We thank in advance people that use `modisfast` for citing it in their work / publication(s). For this, please use the following citation :
> Taconet et al., (2024). modisfast: An R package for fast and efficient access to MODIS, VIIRS and GPM Earth Observation data. Journal of Open Source Software, 9(103), 7343, https://doi.org/10.21105/joss.07343
## Future developments
Future developments of the package may include access to additional data collections from other OPeNDAP servers, and support for a variety of data formats as they become available from data providers through their OPeNDAP servers. Furthermore, the creation of an RShiny application on top of the package is being considered, as a means of further simplifying data access for users with limited coding skills.
## Contributing
All types of contributions are encouraged and valued. For more information, check out our [Contributor Guidelines](https://github.com/ptaconet/modisfast/blob/master/CONTRIBUTING.md).
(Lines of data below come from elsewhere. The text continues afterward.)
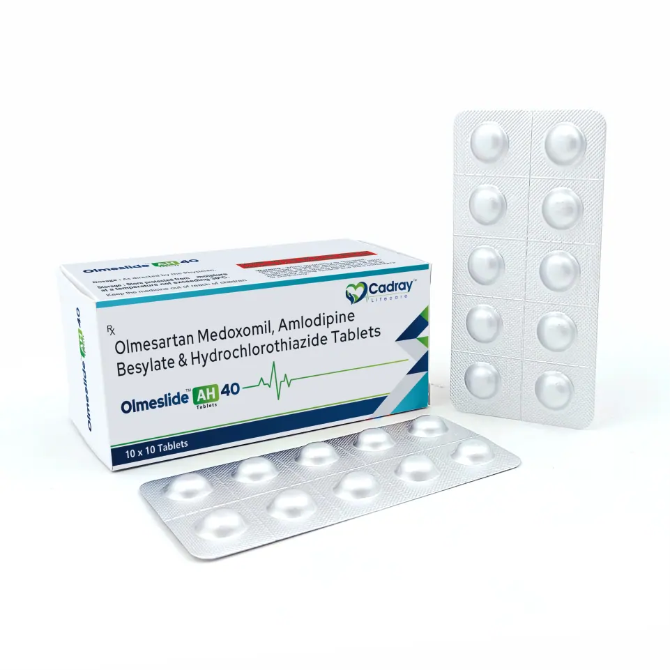 Olmetyle 40 AH Tablet is a fixed-dose combination of Olmesartan Medoxomil 40mg, Amlodipine 5mg, and Hydrochlorothiazide 12.5mg, formulated to effectively manage hypertension in patients requiring multi-drug therapy. Olmesartan is an angiotensin II receptor blocker (ARB) that lowers blood pressure by relaxing blood vessels. Amlodipine, a calcium channel blocker, enhances vasodilation and improves blood flow, while Hydrochlorothiazide is a thiazide diuretic that helps eliminate excess sodium and water, reducing overall blood volume. This triple combination offers a synergistic approach for patients with moderate to severe hypertension, ensuring better blood pressure control and reducing the risk of cardiovascular complications.
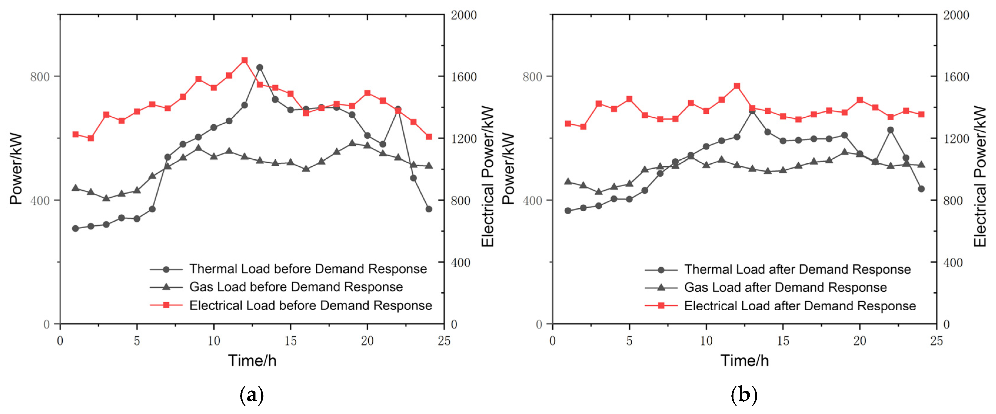 Load curves before and after demand response. (a) Before. (b) After.
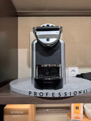 Cafetera Nespresso Zenius en acabado plateado y negro. Diseñada para un uso profesional. - Modelo Zenius. - Color plateado y negro. - Incluye base con diseño. - Texto PROFESSIONAL en la base. factura y garantía.
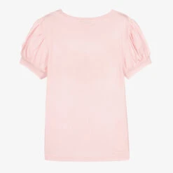 An ivory T-shirt for teen girls by AIGNER. It is made in soft and stretchy cotton jersey, with elasticated cuffs to create a feminine puff effect. Decorating the front is a cool Trompe l’oeil bag graphic in pink and blue, with the designer’s signature ‘A’ horseshoe logo detailed on the gold chain print.
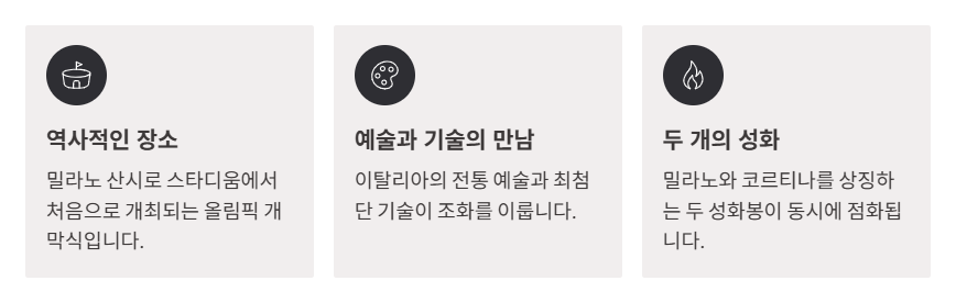 이번 개막식은 처음으로 축구 경기장인 산시로 스타디움에서 열리며, 이탈리아의 예술과 음악, 첨단 기술이 어우러진 공연이 준비되고 있습니다. 또한 전통적인 성화 점화식 대신 두 개의 성화봉이 함께 타오르는 퍼포먼스가 공개될 예정이라 큰 화제를 모으고 있습니다.
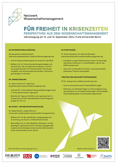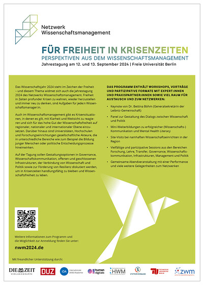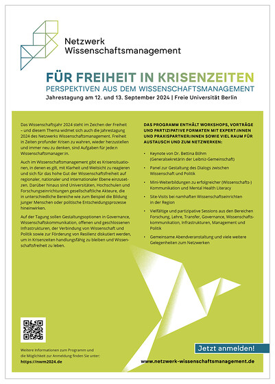 Mit seiner Jahrestagung richtet sich das Netzwerk Wissenschaftsmanagement an Akteure aus Hochschulen, Forschungseinrichtungen, Ministerien und Förderinstitutionen. In Workshops und Vorträgen werden Austausch gefördert und neue Maßnahmen und Kooperationen angestoßen.
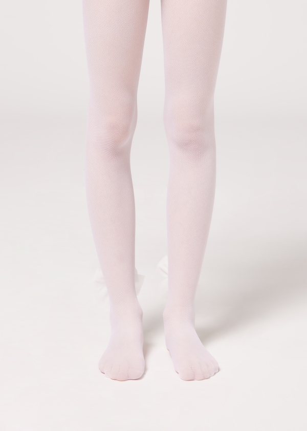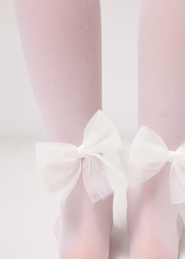 Колготки из тюля для девочек. Плотность 30 ден. Аппликация в виде элегантного бантика.
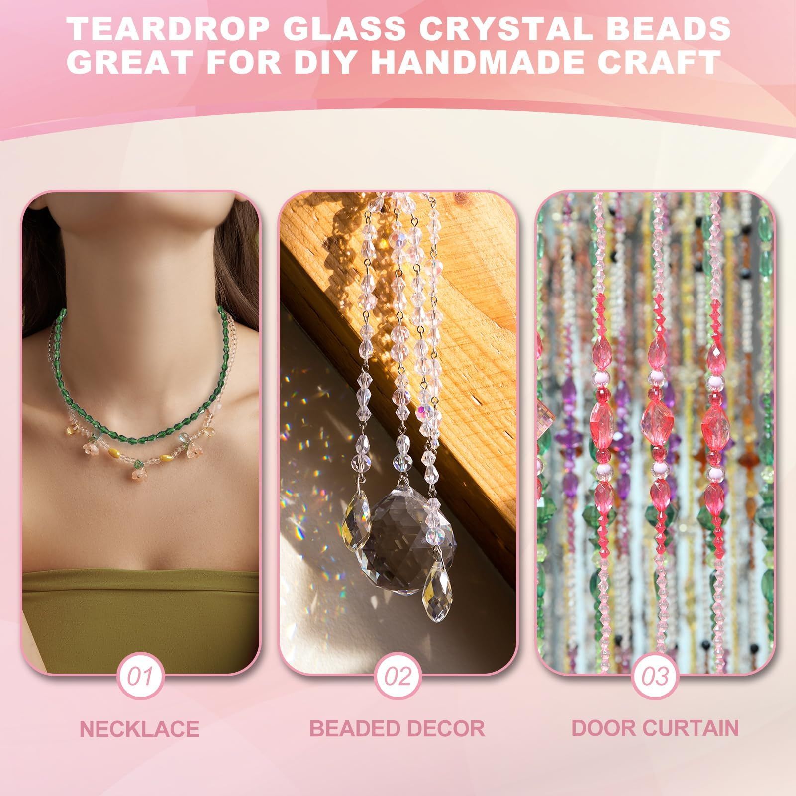 応用:垂直の穴が開いたこれらのティアドロップガラスビーズは、手作りの宝石、ビーズネックレス、DIYブレスレット、イヤリング、ペンダント、衣服の装飾、装飾、ヘアアクセサリーに最適です。また、DIYキャンドルホルダーペンダント、ビーズカーテン、結婚式の装飾にも最適です。
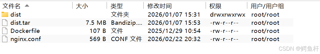 1、上传构建好的 dist,编写Dockerfile文件
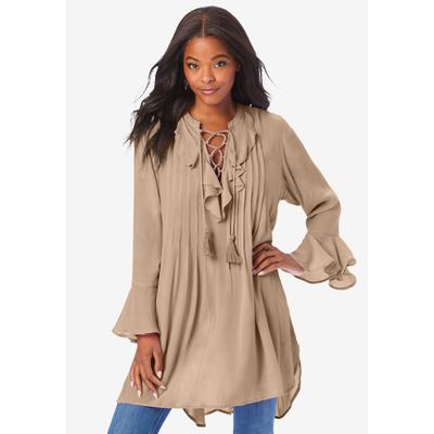 Plus Size Women's Plus Size Crinkle Chiffon Tie Fr...
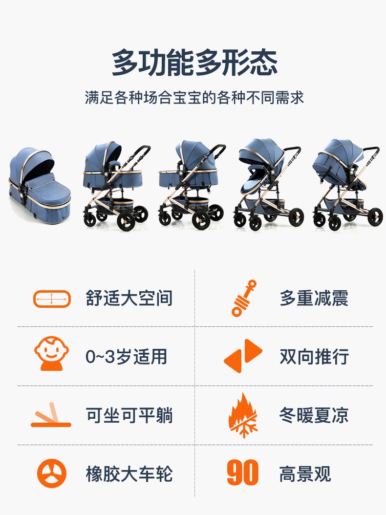 Cửa hàng hàng đầu chính thức Goodbaby Xe đẩy trẻ em đèn cảnh quan cao có thể ngồi và nằm gấp trẻ sơ sinh hai chiều hấp thụ sốc
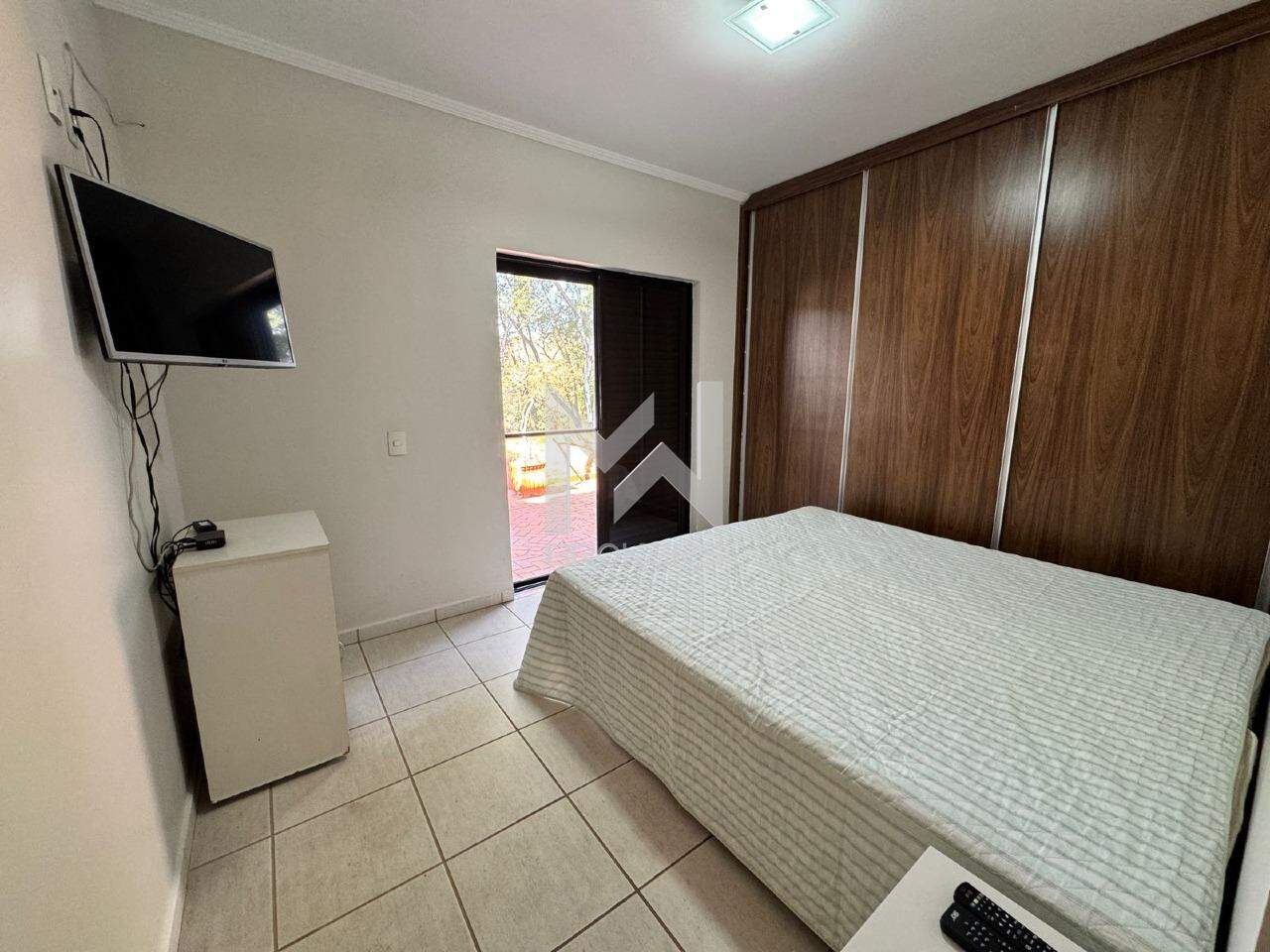 No pavimento superior, a suíte máster conta com closet com armários, banheiro espaçoso com hidro e uma varanda com vista deslumbrante. Há ainda mais um dormitório com armários e um banheiro social.
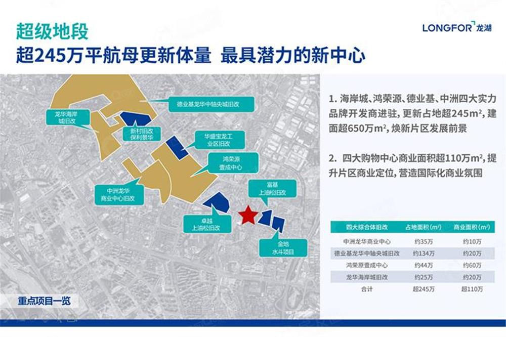 粵港澳大灣區中軸,深圳地理中心,龍華中心地段。政府約2000億元投資,近2.5倍福田中心區規模,超60個標志性重大項目,打造集高端商務、現代商貿、金融服務于一體的國際會客廳。片區規劃更新面積超245萬㎡,建面超650萬㎡,中洲、海岸、德業基、鴻榮源四大購物中心超110萬㎡集中商業建面,周邊規劃綜合體林立,定鼎深圳未來最大商圈;
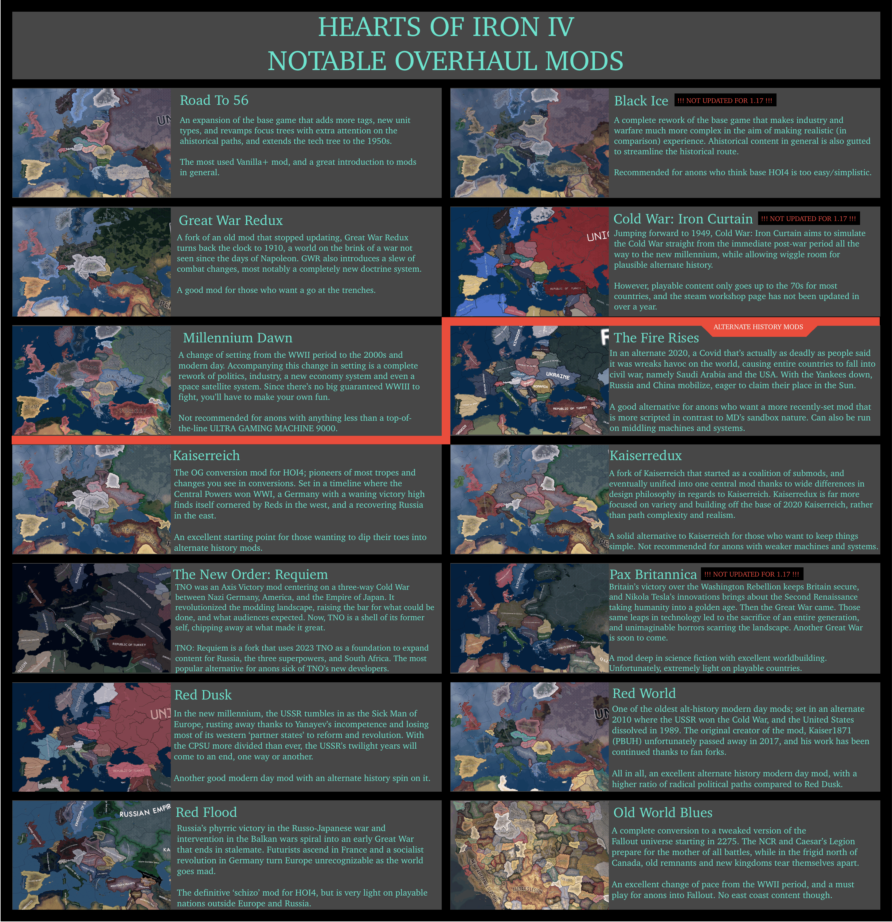 ———NOTABLE UTILITY MODS———>Player Led Peace ConferencesEffectively mandatory for all playthroughs where scripted peaces aren’t a factor. Puts (you) in total control of the peace proceedings so post-war Europe/Asia looks pretty.https://steamcommunity.com/sharedfiles/filedetails/?id=846066944>ToolpackGives the player a togglable menu to change party popularity, give buildings, transfer states and annex, etc. Great for getting yourself/an AI country out of trouble, or fixing bordergore.https://steamcommunity.com/sharedfiles/filedetails/?id=2913150560>Better AISwaps the stock AI package for one that is much more aggressive, and gives them in-game stat buffs. Best for people who think base HOI4 is too easy. Not compatible with mods that also change the AI/unit types.https://steamcommunity.com/sharedfiles/filedetails/?id=3369706283>Industrial ExpansionAdds 5 new building types to refine steel, aluminum, tungsten, chromium and coal. Adds a new infrastructure type of the same name as the mod, adding building slots the more IE is built.https://steamcommunity.com/sharedfiles/filedetails/?id=2707538501———NOTABLE OVERHAUL MODS———Pic related, too big for 2000 character limit
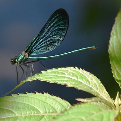 Nach einiger Zeit Anschleichen im Bachbett des Leitenbaches (im Bereich Willingerdorf) konnte ich dieses Exemplar einer Blauflügel-Prachtlibelle (Männchen) mit dem Fotoapparat einfangen.
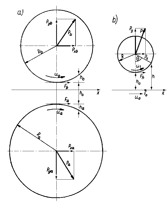 Przykładem zastosowania teorii elastohydrodynamicznej do rzeczywistych elementów maszyn może być smarowanie przekładni zębatej walcowej z zębami prostymi o zarysie ewolwentowym. Wnioski z analizy smarowania takiej przekładni przenoszą się po niewielkich modyfikacjach na inne rodzaje przekładni. Analizę tę można uznać za reprezentatywną dla większości przekładni zębatych. Uwzględnienie kinematyki i dynamiki przekładni zębatej w analizie smarowania elastohydrodynamicznego jest zagadnieniem skomplikowanym. Praca przekładni składa się z kolejno po sobie następujących cykli przyporu (zazębiania i wyzębiania). W czasie każdego z cykli następuje zmiana wartości i kierunku siły stycznej, wartości i kierunku prędkości oraz promieni krzywizny w punkcie przyporu. Dlatego teoria określona dla stanu ustalonego nie uwzględnia wszystkich czynników charakteryzujących przebieg procesu smarowania w czasie. Przyjęcie promieni krzywizny stykających się powierzchni oraz ich transformacja na dwa cylindry, a następnie na cylinder i płaszczyznę, odwzorowuje jedynie jeden wybrany punkt przyporu. Podobne ograniczenie dotyczy także prędkości i obciążenia. Z powyższych przyczyn pełna analiza powinna uwzględniać zmiany, jakim podlega warstwa elastohydrodynamiczna wzdłuż odcinka przyporu. Zgodnie z rys. 6.91 odległość pomiędzy osiami kół zębatych wynosi
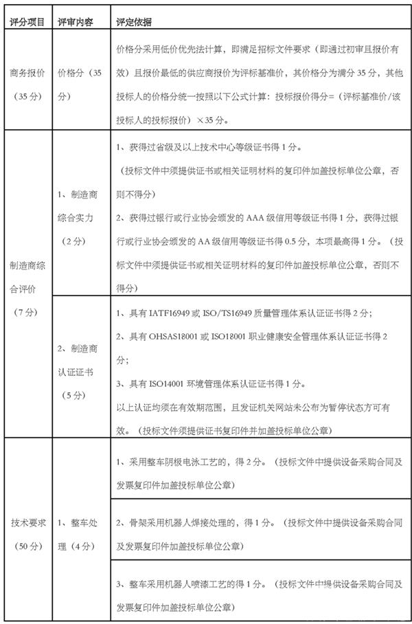 1、商务报价 35分 ;2、制造商综合评价7分;
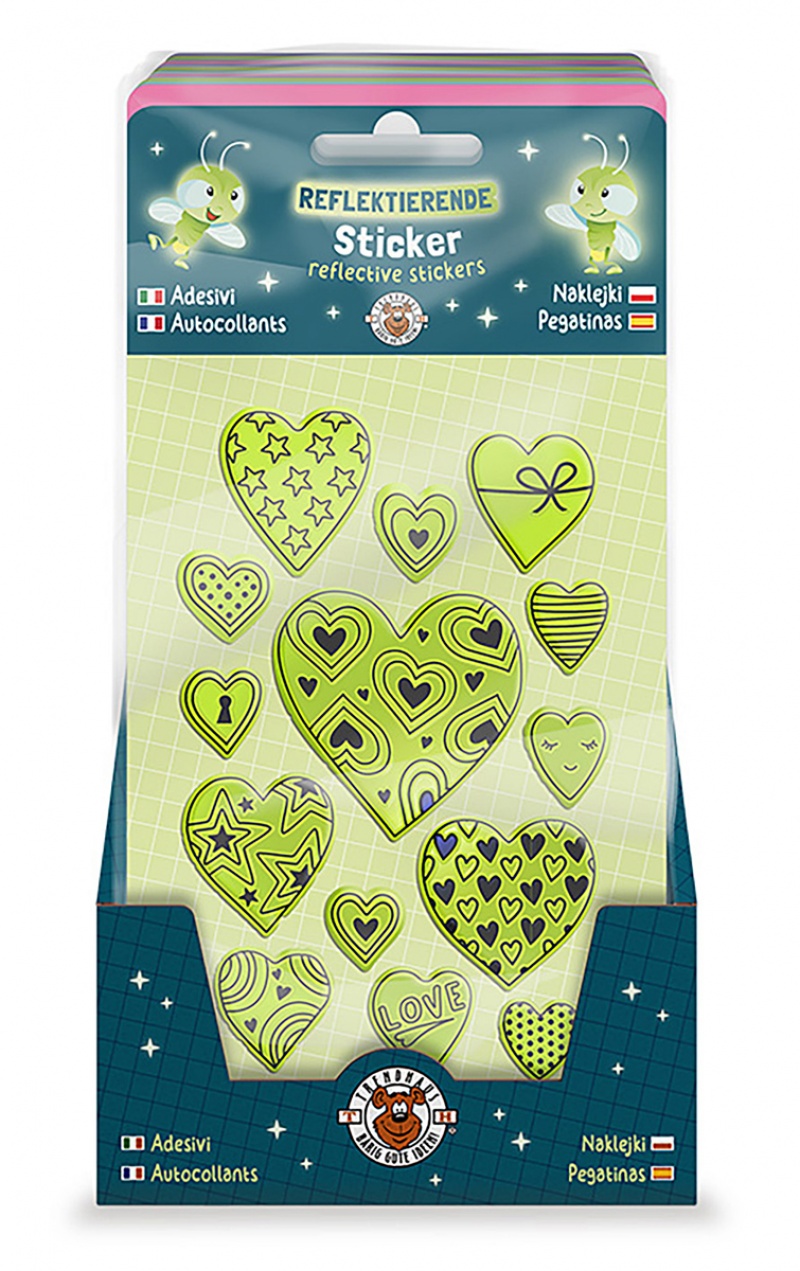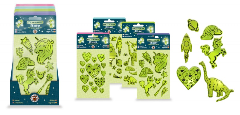 • zestaw zawiera od 9 do 15 odblaskowych naklejek w różnych rozmiarach dopasowanych do wspólnej tematyki
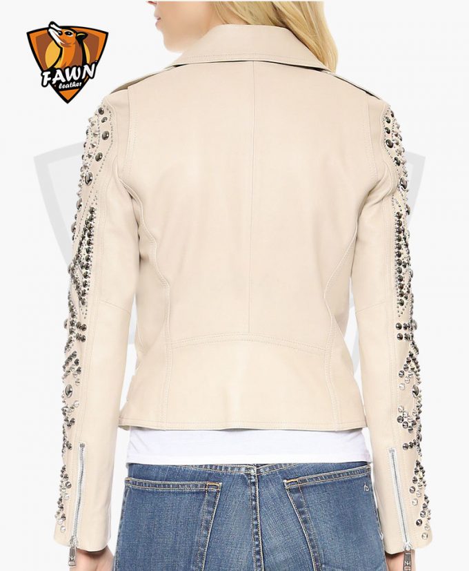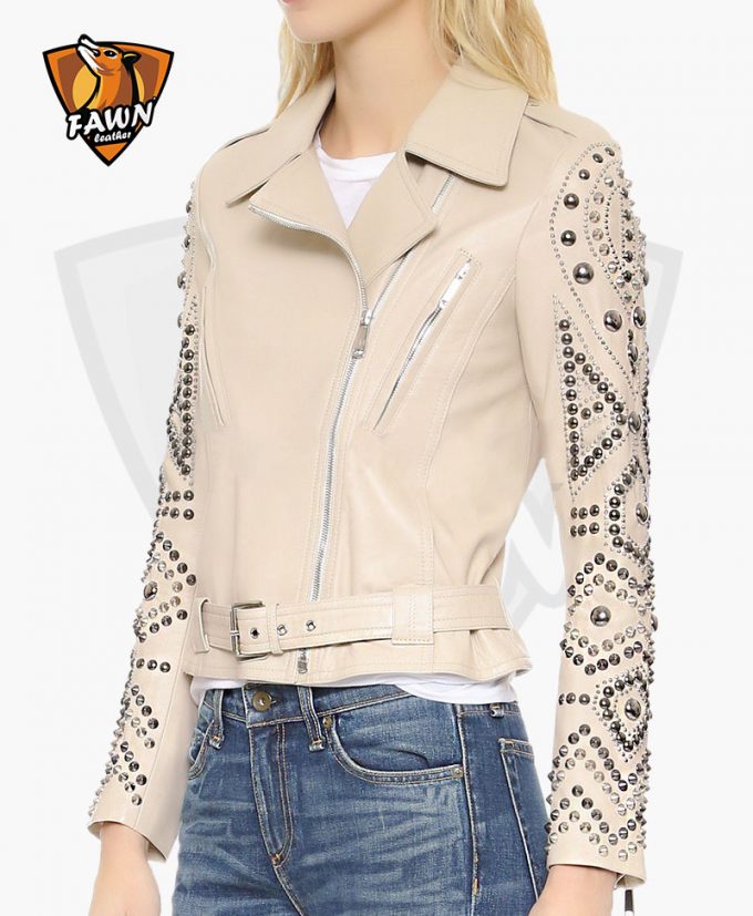 Punk style motorcycle womens studded leather jacket is unique, custom, and handmade piece from our jacket shop. It contains no harmful elements. You can wear this in every special event night, outs, camping, picnics, driving, and other occasions. We use the high quality material in our punk studded biker outfit. Features in the leather jacket Premium quality, Regular Fit, spiked style, Zip closure, and Cream Tonal color.
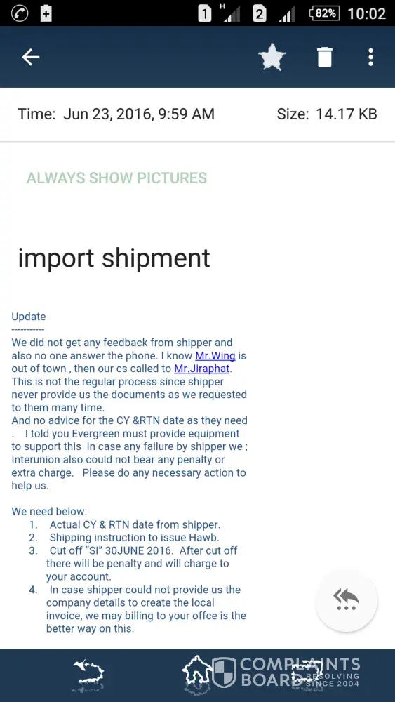 Estamos negociando com eles a mais de dois meses somente fazendo os pagamentos antecipados e de diárias de container que até o momento nunca existiram.

Please note that the `modisfast` project is released with a [Contributor Code of Conduct](https://contributor-covenant.org/version/2/1/CODE_OF_CONDUCT.html). By contributing to this project, you agree to abide by its terms.
## Acknowledgments
We thank NASA and its partners for making all their Earth science data freely available, and implementing open data access protocols such as OPeNDAP. `modisfast` heavily builds on top of the OPeNDAP, so we thank the non-profit [OPeNDAP, Inc.](https://www.opendap.org/about/) for developing the eponym tool in an open and collaborative way.
We also thank the contributors that have tested the package, reviewed the documentation and brought valuable feedbacks to improve the package : [Florian de Boissieu](https://github.com/floriandeboissieu), Julien Taconet.
This work has been developed over the course of several research projects (REACT 1, REACT 2, ANORHYTHM and DIV-YOO) funded by Expertise France, the French National Research Agency (ANR), and the French National Research Institute for Sustainable Development (IRD).